### About this exercise
Please copy, exactly as they appear below, the lines from the one containing "Sony TRINITRON KV-M1450E" through the one containing "Kursi punggung santai".

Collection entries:
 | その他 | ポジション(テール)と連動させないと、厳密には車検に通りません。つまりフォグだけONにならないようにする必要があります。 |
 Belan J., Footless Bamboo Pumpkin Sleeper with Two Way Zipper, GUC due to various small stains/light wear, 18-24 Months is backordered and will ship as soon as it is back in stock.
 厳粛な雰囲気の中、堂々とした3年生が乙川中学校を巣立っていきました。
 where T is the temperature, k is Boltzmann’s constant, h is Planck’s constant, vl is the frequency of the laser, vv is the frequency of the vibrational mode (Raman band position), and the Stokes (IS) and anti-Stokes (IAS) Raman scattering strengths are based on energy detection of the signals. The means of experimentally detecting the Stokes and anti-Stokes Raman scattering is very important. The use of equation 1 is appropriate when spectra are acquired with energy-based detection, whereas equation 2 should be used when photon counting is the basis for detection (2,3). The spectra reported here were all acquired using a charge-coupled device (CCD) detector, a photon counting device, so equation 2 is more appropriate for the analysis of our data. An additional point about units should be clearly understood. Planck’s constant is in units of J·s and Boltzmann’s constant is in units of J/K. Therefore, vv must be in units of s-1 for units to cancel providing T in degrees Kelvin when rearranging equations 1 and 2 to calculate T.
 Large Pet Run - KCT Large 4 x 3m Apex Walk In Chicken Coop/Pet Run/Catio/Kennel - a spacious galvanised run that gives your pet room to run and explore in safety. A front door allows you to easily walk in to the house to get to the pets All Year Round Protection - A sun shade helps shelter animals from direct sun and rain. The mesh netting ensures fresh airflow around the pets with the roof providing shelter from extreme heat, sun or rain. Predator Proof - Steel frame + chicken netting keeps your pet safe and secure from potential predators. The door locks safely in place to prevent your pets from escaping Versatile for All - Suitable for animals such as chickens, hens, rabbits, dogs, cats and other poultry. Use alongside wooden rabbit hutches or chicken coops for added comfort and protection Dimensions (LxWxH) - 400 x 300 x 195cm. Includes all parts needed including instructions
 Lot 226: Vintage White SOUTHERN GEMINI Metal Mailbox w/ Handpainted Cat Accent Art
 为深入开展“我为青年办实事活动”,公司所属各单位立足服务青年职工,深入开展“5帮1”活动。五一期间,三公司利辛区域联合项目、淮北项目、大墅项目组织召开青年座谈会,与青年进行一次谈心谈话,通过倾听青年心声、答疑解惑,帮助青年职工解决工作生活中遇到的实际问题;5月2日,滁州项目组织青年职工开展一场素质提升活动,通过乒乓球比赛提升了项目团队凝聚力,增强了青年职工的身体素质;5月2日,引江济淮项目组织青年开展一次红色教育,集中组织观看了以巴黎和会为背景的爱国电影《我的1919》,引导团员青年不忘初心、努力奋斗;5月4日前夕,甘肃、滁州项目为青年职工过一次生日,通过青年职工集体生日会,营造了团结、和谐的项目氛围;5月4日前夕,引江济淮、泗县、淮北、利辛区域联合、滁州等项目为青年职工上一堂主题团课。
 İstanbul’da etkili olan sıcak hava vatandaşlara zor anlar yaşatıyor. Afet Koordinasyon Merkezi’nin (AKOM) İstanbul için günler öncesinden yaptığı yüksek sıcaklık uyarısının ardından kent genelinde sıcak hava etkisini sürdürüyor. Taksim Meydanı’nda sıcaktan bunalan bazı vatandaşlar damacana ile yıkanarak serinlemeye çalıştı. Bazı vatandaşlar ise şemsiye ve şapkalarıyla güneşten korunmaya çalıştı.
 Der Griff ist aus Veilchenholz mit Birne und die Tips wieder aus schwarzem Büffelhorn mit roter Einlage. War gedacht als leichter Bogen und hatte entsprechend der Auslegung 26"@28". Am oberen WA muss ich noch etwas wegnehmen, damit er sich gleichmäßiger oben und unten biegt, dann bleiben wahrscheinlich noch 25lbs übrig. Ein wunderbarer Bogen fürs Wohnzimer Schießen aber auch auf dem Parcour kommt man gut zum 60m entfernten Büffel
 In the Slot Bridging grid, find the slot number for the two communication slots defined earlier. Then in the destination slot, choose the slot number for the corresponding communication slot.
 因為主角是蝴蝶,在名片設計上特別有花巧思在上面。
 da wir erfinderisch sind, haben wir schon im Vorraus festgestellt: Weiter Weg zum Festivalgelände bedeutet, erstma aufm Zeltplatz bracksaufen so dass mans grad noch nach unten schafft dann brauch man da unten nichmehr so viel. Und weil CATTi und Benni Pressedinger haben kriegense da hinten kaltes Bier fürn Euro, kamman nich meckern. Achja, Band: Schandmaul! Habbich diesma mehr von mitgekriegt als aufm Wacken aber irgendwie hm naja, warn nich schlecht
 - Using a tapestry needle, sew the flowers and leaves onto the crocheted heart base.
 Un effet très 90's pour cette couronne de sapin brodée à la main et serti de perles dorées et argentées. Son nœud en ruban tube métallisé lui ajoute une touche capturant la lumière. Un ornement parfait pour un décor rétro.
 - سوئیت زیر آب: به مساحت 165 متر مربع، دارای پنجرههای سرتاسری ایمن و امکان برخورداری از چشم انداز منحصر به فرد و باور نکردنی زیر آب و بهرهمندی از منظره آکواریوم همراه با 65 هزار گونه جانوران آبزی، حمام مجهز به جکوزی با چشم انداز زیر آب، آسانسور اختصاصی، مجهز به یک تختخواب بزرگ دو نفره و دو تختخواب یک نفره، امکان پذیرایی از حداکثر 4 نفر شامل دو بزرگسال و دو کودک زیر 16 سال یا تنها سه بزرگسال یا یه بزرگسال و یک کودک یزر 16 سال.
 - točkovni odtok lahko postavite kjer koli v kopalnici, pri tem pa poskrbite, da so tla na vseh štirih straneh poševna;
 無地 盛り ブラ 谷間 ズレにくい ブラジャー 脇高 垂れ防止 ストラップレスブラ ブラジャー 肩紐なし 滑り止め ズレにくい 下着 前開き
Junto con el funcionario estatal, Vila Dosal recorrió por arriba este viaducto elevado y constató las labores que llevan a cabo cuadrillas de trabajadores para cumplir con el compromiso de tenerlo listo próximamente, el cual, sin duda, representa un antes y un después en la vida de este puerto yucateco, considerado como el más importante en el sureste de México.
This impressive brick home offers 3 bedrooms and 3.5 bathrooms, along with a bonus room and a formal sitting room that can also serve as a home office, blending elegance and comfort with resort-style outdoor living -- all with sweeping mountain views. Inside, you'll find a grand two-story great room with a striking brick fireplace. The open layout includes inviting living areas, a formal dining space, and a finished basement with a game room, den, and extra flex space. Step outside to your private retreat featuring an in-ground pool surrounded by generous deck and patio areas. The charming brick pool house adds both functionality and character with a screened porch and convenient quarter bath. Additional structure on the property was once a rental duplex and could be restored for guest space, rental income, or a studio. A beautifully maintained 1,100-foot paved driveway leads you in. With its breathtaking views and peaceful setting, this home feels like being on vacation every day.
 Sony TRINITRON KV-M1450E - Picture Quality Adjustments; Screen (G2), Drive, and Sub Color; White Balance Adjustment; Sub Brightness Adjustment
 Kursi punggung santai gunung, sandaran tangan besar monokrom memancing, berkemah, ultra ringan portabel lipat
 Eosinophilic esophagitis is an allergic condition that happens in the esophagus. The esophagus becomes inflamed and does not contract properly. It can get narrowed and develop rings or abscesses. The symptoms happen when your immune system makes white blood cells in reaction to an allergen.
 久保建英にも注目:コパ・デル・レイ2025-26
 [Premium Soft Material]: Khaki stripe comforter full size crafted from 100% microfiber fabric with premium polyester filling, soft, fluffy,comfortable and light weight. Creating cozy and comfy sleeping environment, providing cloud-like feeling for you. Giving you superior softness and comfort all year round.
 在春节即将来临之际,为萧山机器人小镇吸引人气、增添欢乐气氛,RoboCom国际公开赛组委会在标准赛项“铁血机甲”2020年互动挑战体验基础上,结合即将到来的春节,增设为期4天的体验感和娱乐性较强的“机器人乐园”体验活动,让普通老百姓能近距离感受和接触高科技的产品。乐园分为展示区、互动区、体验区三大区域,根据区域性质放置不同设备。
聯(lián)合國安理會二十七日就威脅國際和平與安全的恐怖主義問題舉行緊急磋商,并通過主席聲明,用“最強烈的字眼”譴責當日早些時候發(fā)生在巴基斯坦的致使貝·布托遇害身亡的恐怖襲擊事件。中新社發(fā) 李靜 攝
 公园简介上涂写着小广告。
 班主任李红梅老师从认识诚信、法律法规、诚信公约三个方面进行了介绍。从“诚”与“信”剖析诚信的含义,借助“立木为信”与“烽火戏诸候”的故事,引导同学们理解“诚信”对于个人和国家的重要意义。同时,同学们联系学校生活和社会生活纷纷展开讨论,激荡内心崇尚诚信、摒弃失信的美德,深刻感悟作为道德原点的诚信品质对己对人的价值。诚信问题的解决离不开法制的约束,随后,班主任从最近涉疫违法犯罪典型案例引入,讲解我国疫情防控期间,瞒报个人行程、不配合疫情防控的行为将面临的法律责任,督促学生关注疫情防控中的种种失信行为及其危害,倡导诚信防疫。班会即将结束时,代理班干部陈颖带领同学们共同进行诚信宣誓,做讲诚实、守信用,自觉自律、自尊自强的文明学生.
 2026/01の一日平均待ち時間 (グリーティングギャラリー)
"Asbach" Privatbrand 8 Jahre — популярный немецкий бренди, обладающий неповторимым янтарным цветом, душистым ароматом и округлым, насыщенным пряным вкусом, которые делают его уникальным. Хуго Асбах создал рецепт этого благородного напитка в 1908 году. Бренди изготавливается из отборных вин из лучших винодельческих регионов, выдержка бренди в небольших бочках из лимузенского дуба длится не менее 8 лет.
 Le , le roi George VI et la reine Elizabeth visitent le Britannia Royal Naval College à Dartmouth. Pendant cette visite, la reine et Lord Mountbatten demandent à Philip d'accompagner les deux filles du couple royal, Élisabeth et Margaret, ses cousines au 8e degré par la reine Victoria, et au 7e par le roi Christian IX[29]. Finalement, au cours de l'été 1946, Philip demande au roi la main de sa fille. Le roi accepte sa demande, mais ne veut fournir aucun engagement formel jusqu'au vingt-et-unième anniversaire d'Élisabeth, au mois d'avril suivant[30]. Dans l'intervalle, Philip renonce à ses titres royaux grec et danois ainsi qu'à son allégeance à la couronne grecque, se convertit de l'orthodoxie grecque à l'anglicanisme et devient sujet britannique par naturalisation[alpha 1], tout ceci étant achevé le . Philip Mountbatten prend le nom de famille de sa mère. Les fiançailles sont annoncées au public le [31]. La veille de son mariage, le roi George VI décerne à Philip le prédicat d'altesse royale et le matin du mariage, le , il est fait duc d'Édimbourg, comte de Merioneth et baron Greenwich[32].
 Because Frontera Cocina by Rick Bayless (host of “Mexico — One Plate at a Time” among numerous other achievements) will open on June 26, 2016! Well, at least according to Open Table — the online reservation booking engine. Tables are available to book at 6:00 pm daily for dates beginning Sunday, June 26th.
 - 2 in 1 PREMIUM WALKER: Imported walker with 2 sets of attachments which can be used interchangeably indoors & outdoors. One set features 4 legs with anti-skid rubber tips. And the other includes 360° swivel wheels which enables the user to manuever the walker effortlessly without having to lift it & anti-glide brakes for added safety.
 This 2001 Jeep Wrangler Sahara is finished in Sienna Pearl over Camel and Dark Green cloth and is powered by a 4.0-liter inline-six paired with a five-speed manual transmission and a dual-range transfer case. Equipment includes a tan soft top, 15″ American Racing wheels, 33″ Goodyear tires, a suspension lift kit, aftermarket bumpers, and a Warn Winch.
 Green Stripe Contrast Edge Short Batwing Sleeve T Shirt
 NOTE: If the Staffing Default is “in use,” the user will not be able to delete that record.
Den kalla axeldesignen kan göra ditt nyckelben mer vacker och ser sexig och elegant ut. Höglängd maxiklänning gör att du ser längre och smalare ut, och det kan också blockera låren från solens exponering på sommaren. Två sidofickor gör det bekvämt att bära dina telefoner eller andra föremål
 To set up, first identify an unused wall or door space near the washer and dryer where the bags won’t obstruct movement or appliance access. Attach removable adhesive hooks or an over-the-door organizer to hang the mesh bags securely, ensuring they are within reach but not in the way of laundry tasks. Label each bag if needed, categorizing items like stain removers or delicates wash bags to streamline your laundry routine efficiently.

### Written answer
 Sony TRINITRON KV-M1450E - Picture Quality Adjustments; Screen (G2), Drive, and Sub Color; White Balance Adjustment; Sub Brightness Adjustment
 Kursi punggung santai gunung, sandaran tangan besar monokrom memancing, berkemah, ultra ringan portabel lipat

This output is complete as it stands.